Sur le plan Banlieue, madame Darciaux, nous avons les mêmes soucis que vous. Je ne vais pas refaire le diagnostic : tout le monde sait ce qui se passe dans les quartiers et ce dont on a besoin pour que cela change. Ce plan Marshall des banlieues démontre, encore une fois, la volonté du Président de la République de faire en sorte que cela change concrètement dans les cités. Ma responsabilité est de construire le plan « Respect et égalité des chances », qui va dans ce sens. Je pense comme vous qu’il y a urgence.

Il y a deux axes forts – que vous avez soulignés, madame la députée.

Tout d’abord, c’est l’emploi des jeunes, qui doit être et rester une priorité parce que nous savons tous que nous pouvons mettre tous les dispositifs possibles pour renforcer la cohésion sociale, si le plan Banlieue n’est pas axé sur la lutte contre le chômage, en particulier celui des jeunes et des femmes vivant dans des familles monoparentales, nous allons droit à la catastrophe. C’est un axe très important dans le plan Banlieue, et nous allons faire des propositions en ce sens. Je voudrais que vous soyez rassurée sur ce point.

La question des familles monoparentales fait aussi partie des priorités du plan Banlieue. Je sais pertinemment qu’elles sont beaucoup trop nombreuses dans les banlieues. Dans les réunions de concertation – je me réjouis que vous y ayez participé – comme dans les réunions d’appartement – que je demande au préfet d’organiser systématiquement quand je descends dans les cités –, j’entends la demande de sécurité des femmes qui élèvent seules des enfants dans une situation de précarité économique.
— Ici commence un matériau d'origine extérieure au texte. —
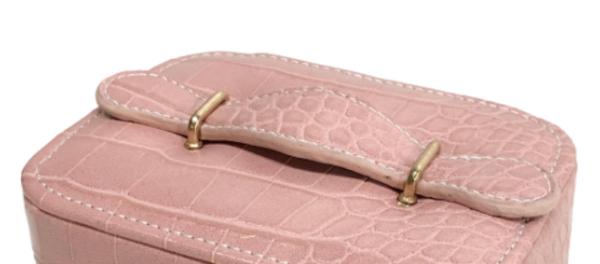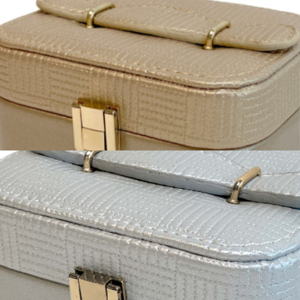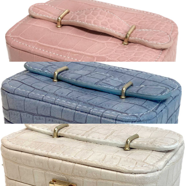 ピンク・ブルーグレー・アイボリーはクロコ調の型押しです。上品な雰囲気で、持っているだけで気分が上がるようなデザインです。クロコ調のジュエリーボックスは、カラーによってデザインが異なっています。

Nous devons y répondre et tout faire pour les rassurer, même si cela ne figure directement dans aucun des trois axes prioritaires prévus par le Président de la République.
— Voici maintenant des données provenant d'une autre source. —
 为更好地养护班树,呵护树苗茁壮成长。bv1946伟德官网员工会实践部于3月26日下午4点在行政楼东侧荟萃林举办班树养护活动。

Monsieur Juanico, s’agissant du financement des associations, vous avez posé une question très importante. Je ne rentrerai pas dans une polémique sur la cohésion des politiques, mais je dirai la chose suivante : la politique de la ville, vous l’avez bien souligné, est d’abord une politique transversale, et elle oblige à la mobilisation des moyens de droit commun. On discutait tout à l’heure de la pertinence du zonage, mais je crois très fortement que la politique de la ville doit être envisagée comme un plus pour des quartiers en situation de difficultés extrêmes, les politiques de droit commun devant se mobiliser et remplir toutes leurs obligations, parce que, sinon, on n’y arrivera pas.
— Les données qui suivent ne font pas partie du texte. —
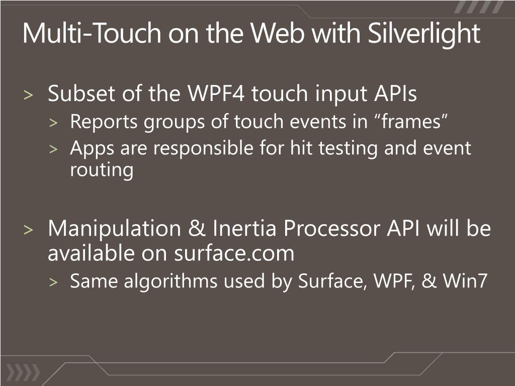 Multi-Touch on the Web with Silverlight • Subset of the WPF4 touch input APIs • Reports groups of touch events in “frames” • Apps are responsible for hit testing and event routing • Manipulation & Inertia Processor API will be available on surface.com • Same algorithms used by Surface, WPF, & Win7
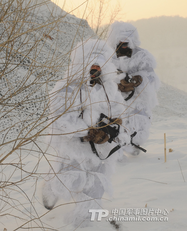 此前也有不少解放军身穿“高大上”的雪地吉利服训练画面。图为2013年1月,解放军在长白山腹地演习画面,官兵身着吉利服出没在林海雪原深处,他们身后是由伪装网遮盖的装备,看上去与雪丘无异。图片来源:中国军网 冯凯旋 摄

Plusieurs députés du groupe de l’Union pour un mouvement populaire. Très bien !

Mme la secrétaire d’État chargée de la politique de la ville. Quant à votre question sur la diminution du budget du programme « Jeunesse et vie associative », je ne peux pas répondre directement parce qu’il ne dépend pas de ma responsabilité. Mais je vais voir ce qui se passe et je ferai en sorte que les membres du Gouvernement remplissent leurs obligations, ne serait-ce qu’au niveau du droit commun. J’interviendrai parce qu’il y a non seulement la question du droit commun, mais également l’importance du sens des priorités : dans les quartiers, on a un besoin urgent de sortir de toutes ces difficultés pour éviter de revivre ce que nous avons vécu en 2005.

M. Didier Migaud, président de la commission des finances. Je vous remercie, madame la ministre, madame la secrétaire d’État. La discussion de ce matin n’épuise bien sûr pas le sujet, mais nous aurons l’occasion de vous réentendre.

M. Patrick Ollier, président de la commission des affaires économiques. Je remercie à mon tour Mme la ministre et Mme la secrétaire d’État.

(La réunion de la commission élargie s’achève à treize heures cinq.)